Dalam konteks kepentingan akademik, mari kita bandingkan dengan praktek jual-beli ijazah, atau bahkan plagiasi karya. Menurut saya adalah sama-sama penyakit. Rekayasa dalam sebuah tradisi keilmiahan (baca: penelitian) untuk tujuan tertentu adalah sesuatu yang diharamkan karena melalaikan nilai obyektivitasnya,dan hanya akan menjadikan pendidikan Indonesia dalam konteks pembelajaran sastra Indonesia semakin ruwet dan tidak menyehatkan. Itulah barangkali argumentasi mengapa gelar akademik Tim 8 (yang punya gelar akademik sesuai) harus dicabut karena dianggap telah melakukan kejahatan akademik. Bayangkan anak-anak sekolah akan membaca buku tersebut.
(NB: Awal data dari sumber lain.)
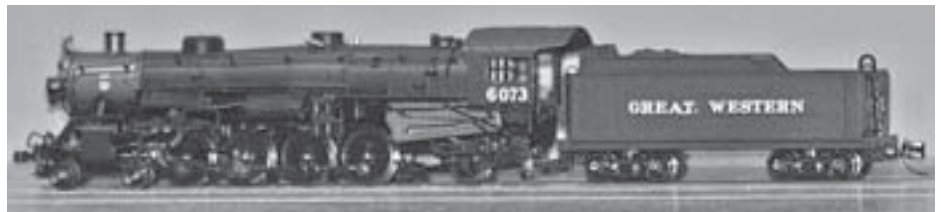
Brian Earl showed several GWR engines, including 4-8-2 no. 6073.
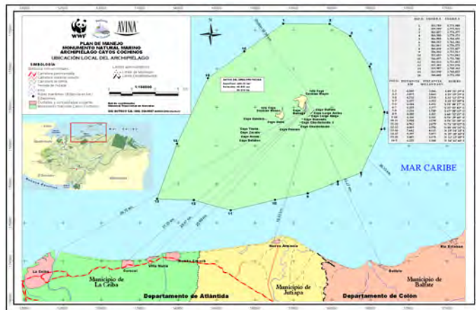
Figure A. Location of the Cayos Cochinos Marine Protected Area
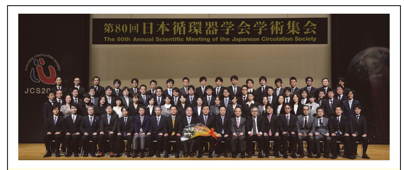
Figure 5. Commemorative photograph of the doctors and staff of the Department of Cardiovascular Medicine, Tohoku University.

MRI, CT, and SPECT to predict CRT responders; the characteristics of CRT responders with narrow QRS on ECG; and the effects of CRT on patients with AF.
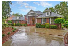
4164 Club Course Drive North Charleston SC
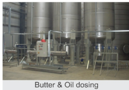
Butter & Oil dosing
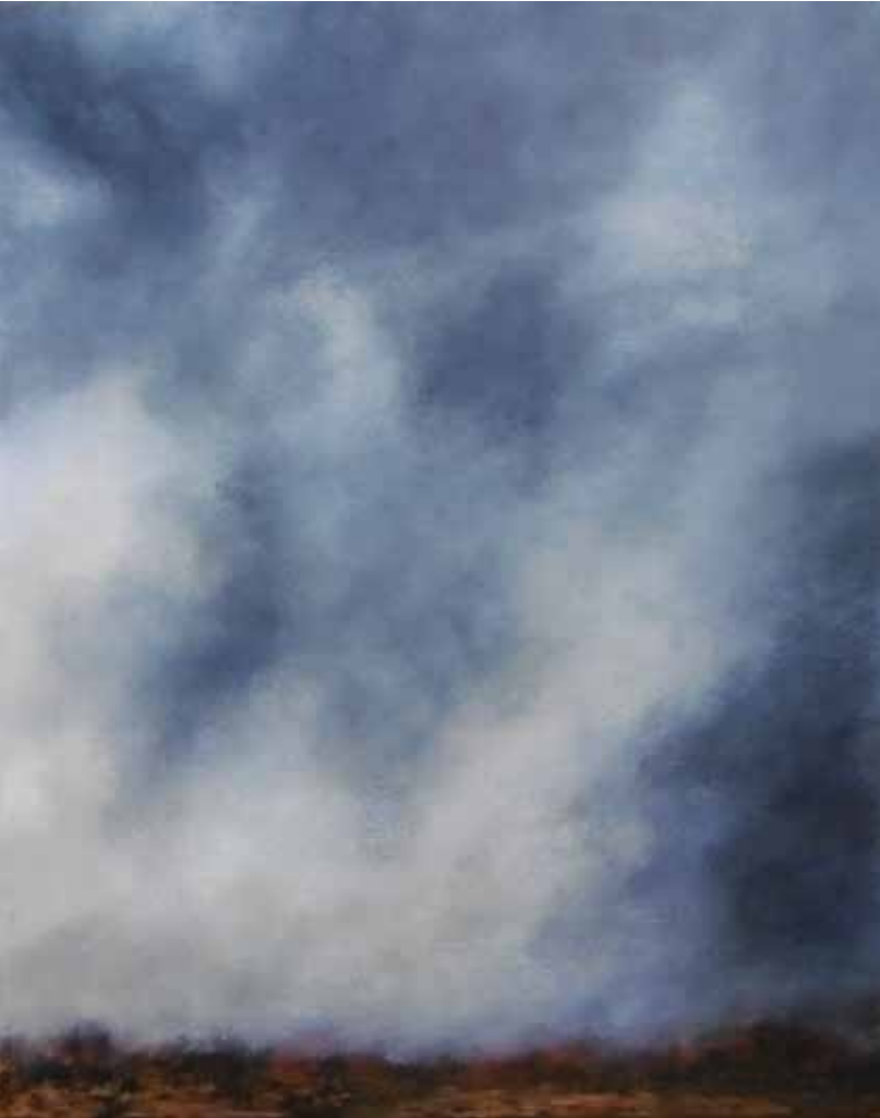
Cloudburst , oil on linen, 20” x 30”

“Contrasting light is the main inspiration behind my landscapes; the complexities and intrigues of capturing these effects and documenting changing weather constitute my main thematic concerns. My work reflects the unpredictability of nature with the emphasis on transitory experience, and the relativity of our status within the natural environment”

Guru-guru pun akan tersesat setelah membaca buku tersebut ketika sampai pada nama Denny JA. Nama yang lebih tepat sebagai penumpang “gelap” sastra Indonesia. Denny JA (Pendiri Lingkaran Survei Indonesia, Konsultan Politik) tetaplah harus diposisikan sebagai bukan tokoh sastra paling berpengaruh tapi ia adalah tokoh yang paling “terpengaruhi” oleh daya evokasi sastra Indonesia sehingga ia mau mencoba-reka karya dengan label puisi-esei untuk mengkampanyekan pemikirannya dengan dukungan uang yang banyak sembari membayangkan dirinya sebagai seorang megalomania.
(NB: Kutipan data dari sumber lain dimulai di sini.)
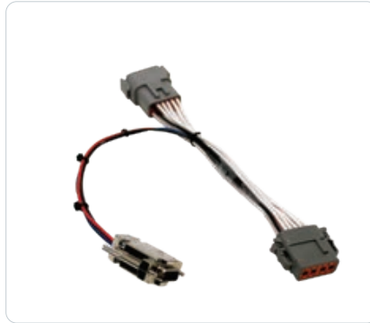
Item Part Number: 107647GT

Model(s): S®-100, S®-105, S®-120, S®-125
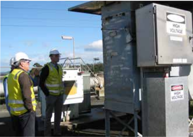
The IM inspects the pumping station's connections to Hazelwood mine power station's internal power supply via 2 high voltage underground cables.

R14.2 GDF SUEZ establish enhanced back-up power supply arrangements which enables the reticulated fire services water system to operate with minimal disruption if mains power is lost.

Berikut pernyataan Denny JA di jejaring sosial yang menunjukan ia sebagai seorang megalomania: Pada waktunya mungkin saya pergi lagi dari wilayah sastra, masuk ke wilayah lain. Mungkin saya akan berkelana ke dunia bisnis, dunia politik praktis ataupun dunia spiritual. Dan terus saya berjalan sampai berakhir liang kubur. Saya membayangkan diri saya sejenis Marco Polo tapi untuk dunia gagasan. Marco Polo datang dan pergi ke sebuah wilayah geografis. Umumnya di setiap wilayah yang ia tinggal, ia belajar dan meninggalkan sesuatu di sana. Sedangkan wilayah yang saya kunjungi bukan wilayah geografis tapi dunia gagasan dan budaya.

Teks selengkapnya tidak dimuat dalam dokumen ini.